Published date01 December 2017
Date01 December 2017

Corporate liability for an employee or officer's wrongdoing is not a controversial concept in Singapore. However, it has largely yet to find clear application to the realm of legal professional ethics and ethical breaches by lawyers. By and large, where there are ethical breaches, it is the individual lawyer who is disciplined, and not the firm in which he practices. This article seeks to introduce the Singapore reader to “law firm discipline”, the concept of disciplining law firms as entities to ensure compliance with legal ethics rules, and explores, by reference to the existing regime, the extent to which they have or have not, knowingly or unknowingly, been embraced and adopted in Singapore. In this regard, it is suggested that simple reforms to the existing regime can be adopted to create a coherent and functional application of law firm discipline in Singapore.

I. Introduction

1 The doctrine of respondeat superior or the notion of corporate liability for the wrongdoings of an entity's constituent members, officers and employees is not unfamiliar to Singapore lawyers as a modern legal concept. In the Singapore regulatory framework, some examples that spring to mind may include the following: the Securities Industry Council may sanction entities for breaches of the Singapore Code on Take-overs and Mergers;1 the Monetary Authority of Singapore may sanction banks and financial institutions for their officers' non-compliance with notices;2 and the Accountants Act allows for disciplinary proceedings to be brought against accounting firms.3 In contrast, the disciplining of legal service providers in Singapore continues largely to eschew the disciplining of entities – disciplinary proceedings under the Legal Profession Act traditionally applied and continues to apply only to individual practitioners.

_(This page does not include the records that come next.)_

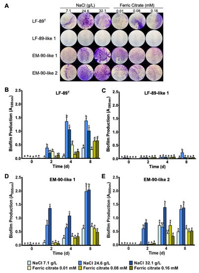 P. salmonis biofilm formation cultured under different NaCl and ferric citrate concentrations. (A) Representative CV staining of biofilm produced by P. salmonis LF-89 type strain and isolates LF-89-like 1, EM-90-like 1, and EM-like 2 at eight days (100× magnification). Biofilm quantification for P. salmonis LF-89 (B) and isolates LF-89-like 1 (C), EM-90-like 1 (D), and EM-90-like 2 (E) grown for 0, 2, 4, and 8 days. Values are presented as the mean ± SEM (n = 5). A two-way ANOVA followed by a Tukey HDS was performed to define the differences between media variation. Different letters indicate significant differences (p < 0.05).
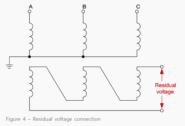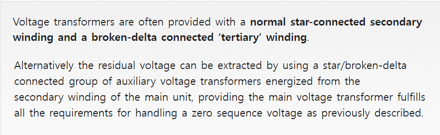 (계기용 변압기는 종종 일반적인 스타 연결된 2차 권선과 개방 델타로 연결된 제3의 권선과 함께 공급될 수 있습니다. 대안으로 잔류 전압은 메인 계기용 변압기의 2차 권선으로부터 가압되는 보조 계기용 변압기를 스타/개방 델타로 연결하여 사용함으로 추출될 수 있습니다. 이때 메인 계기용 변압기는 이전에 설명된 영상 전압을 다루기 위해 요구되는 모든 조건을 만족시켜야 합니다.)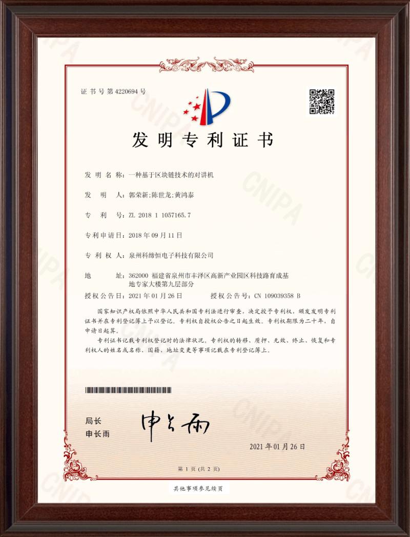 發(fā)明專利(一種基于區(qū)塊鏈技術(shù)的對(duì)講機(jī))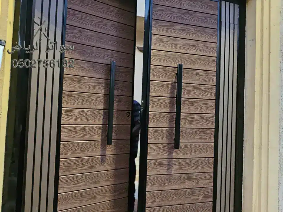 تتوفر تصاميم عصرية وبسيطة بألوان متعددة تتماشى مع ديكورات الرياض الحديثة، من أبواب بديلة الخشب بأسطح ناعمة وخطوط مستقيمة إلى نماذج ذات نقوش أو تأثيرات زخرفية خفيفة تضيف لمسة فخمة للمدخل أو الصالة.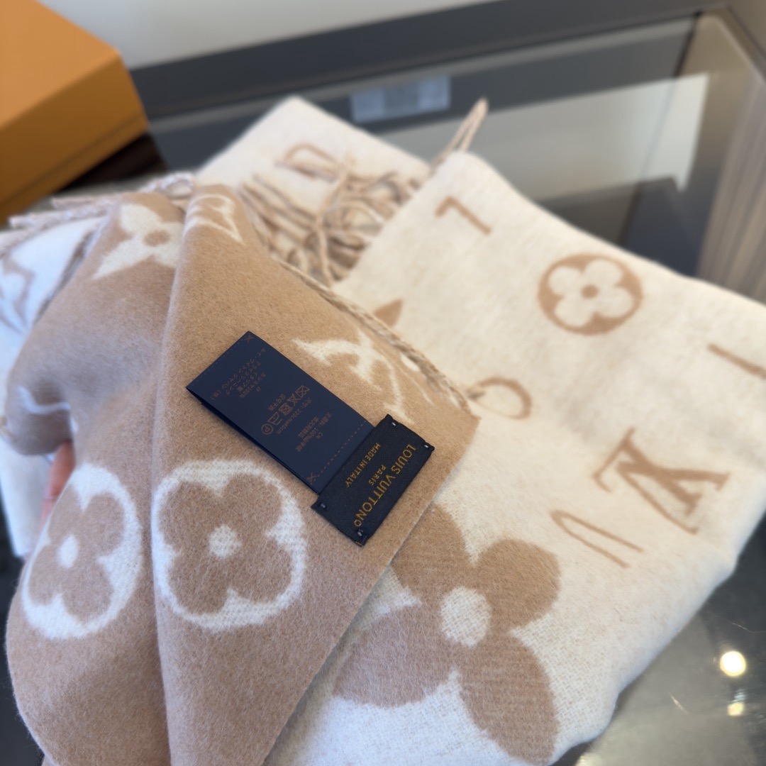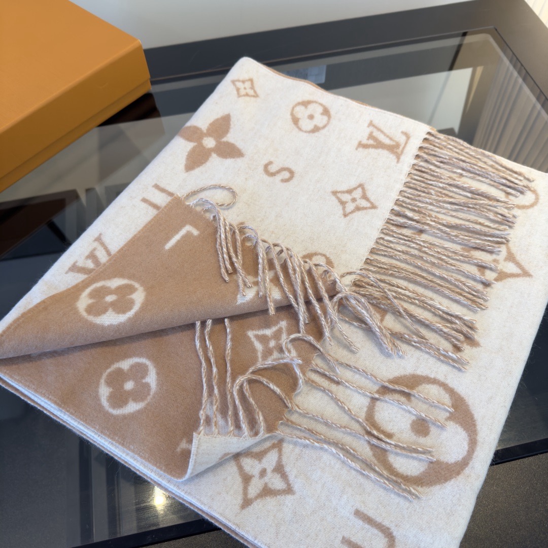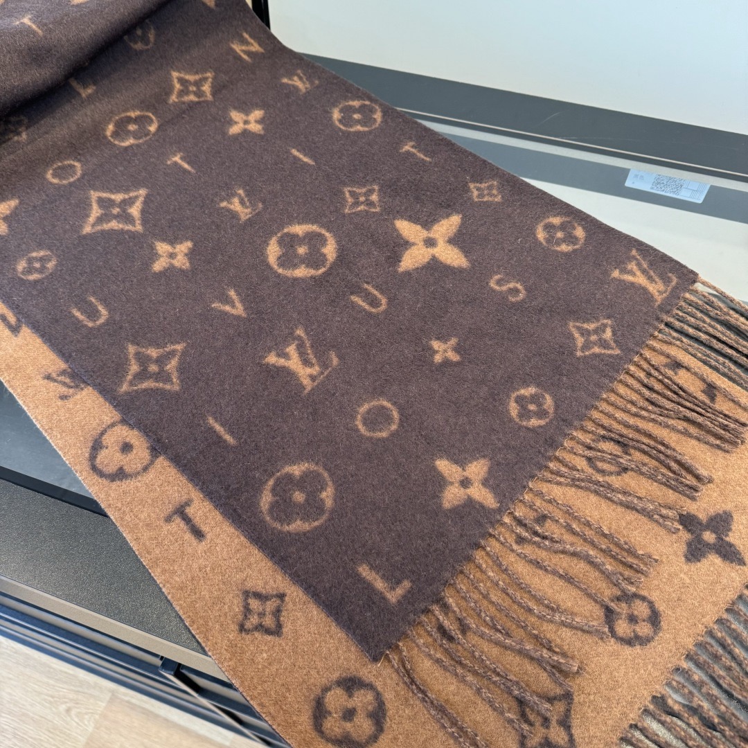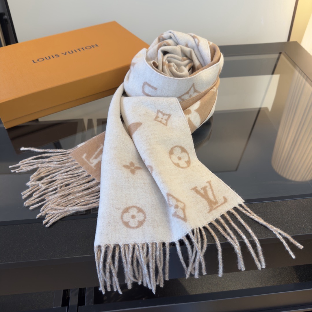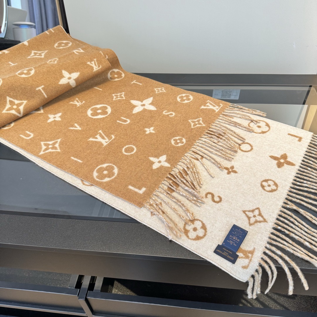 Reykjavik 2.0 围巾为柔软山羊绒标注 Monogram 花卉和 LV 字母,其间点缀品牌名称的单一字母,以摩登风姿焕新经典。加长设计适宜环绕颈部,亦可用作巴拉克拉法帽。 220 x40厘米(不含流苏),100% 山羊绒 Monogram 图案 流苏饰边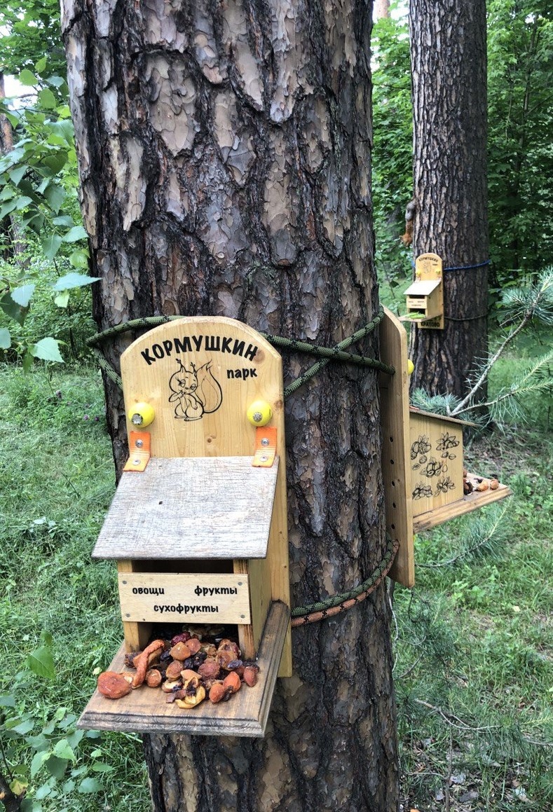 Этот посёлок, расположенный на Казанском направлении железной дороги, популярен благодаря большому пруду с удивительными соснами, на берегу которого расположены детская железная дорога и верёвочный парк. И именно активисты верёвочного парка "Небесная тропа" решили создать здесь ещё один парк - "Кормушкин". На деревьях закрепили специальные "столовые" для белочек. Их конструкция предполагает то, что внутрь забраться могут только белки.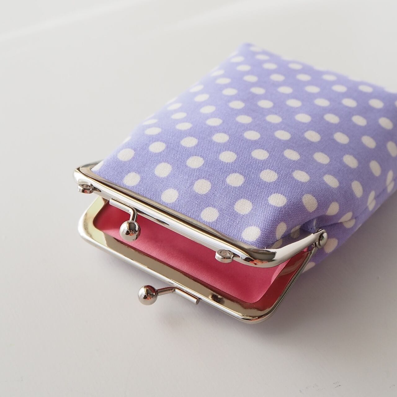 持ち手つきのがま口ポーチです。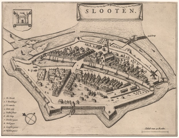 Plattegrond van Sloten op een schaal van 50 roeden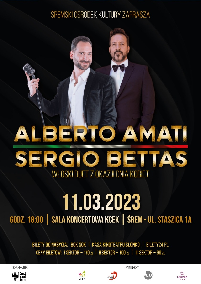 W ciągu ostatnich lat Aberto Amati zagrał kilkaset koncertów w kilkudziesięciu miastach w całej Polsce. Znany jest również śremksiej publiczniości. Sergio Bettas - włoski tenor pochodzący z Ferrary. Absolwent Muzycznego Konserwatorium w rodzinnym mieście. Muzyka od zawsze wypełniała jego życie. Zaczynał od gry na instrumentach. Pasję do śpiewu odkrył w sobie nieco później. Jego artystyczna droga związana jest z Teatrem Teatro Regio (Parma) oraz Teatrem Wielkim (Warszawa). Debiutował w roli Manrika w "Trubadurze" Verdiego w 2006 roku. W swoim repertuarze posiada zarówno klasyczne kompozycje operowe, jak i utwory muzyki rozrywkowej. Wokaliści mają w swoim repertuarze nie tylko największe włoskie przeboje, ale również wiele utworów Franka Sinatry...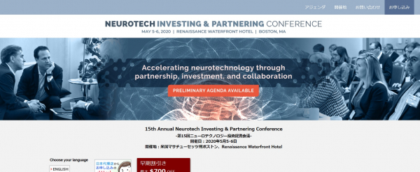 会議:「15th Annual Neurotech Investing & Partnering Conference-第15回ニューロテクノロジー投資提携会議」

2 On 13 January 2014, the Committee to Review the Regulatory Framework of the Singapore Legal Services Sector (“Committee”), comprising senior members of the Singapore Judiciary and leaders of several large law firms in Singapore, issued its final report on its recommendations on the reform of the regulatory framework of the legal services industry in Singapore.4 Later that year in November, many of the recommendations of the Committee were passed into law by Parliament by way of amendments to the Legal Profession Act.5 Broadly speaking, the amendments sought to reform the registration, licensing, regulation and disciplinary regimes for legal services providers in Singapore, creating a uniform framework for Singapore lawyers, foreign lawyers, Singapore law practices and foreign law practices, where they had hitherto been governed by a patchwork of different institutions and regulators.6 One issue raised by the Committee in the course of its January 2014 report which had not attracted any significant attention was a concept known as “entity regulation”.7 One might have thought that this presented the opportunity for careful consideration of what this entailed and whether and to what extent it ought to be adopted in the disciplinary landscape for legal services providers in Singapore. The Committee did not appear to do so. It concluded, in no more than two short paragraphs, that “entity regulation” ought not to extend to issues of “professional standards and ethics” but ought to be confined only to “compliance with business criteria”.8

3 “Entity regulation”, which is sometimes also known as “law firm regulation” or “law firm discipline” (this article will use the phrase “law firm discipline”), is in fact not a novel concept, albeit that it has not been thoroughly considered in the Singapore context (if at all). Indeed, there is a mature body of American literature on the subject spanning at least the past two decades. There is no doubt that, as will be shown, there are arguments both for and against law firm discipline. To this end, it is

ultimately a policy decision for the regulators of the Singapore legal industry whether and to what extent law firm discipline ought to be implemented. However, this article seeks, by articulating some of the arguments for law firm discipline, and by reviewing the existing ethical and disciplinary framework existing in Singapore in this light and from this perspective, to raise a more thorough and serious consideration as to whether, as a maturing if not mature industry and profession, law firm discipline is something that ought to be implemented in a wider and more principled basis in Singapore.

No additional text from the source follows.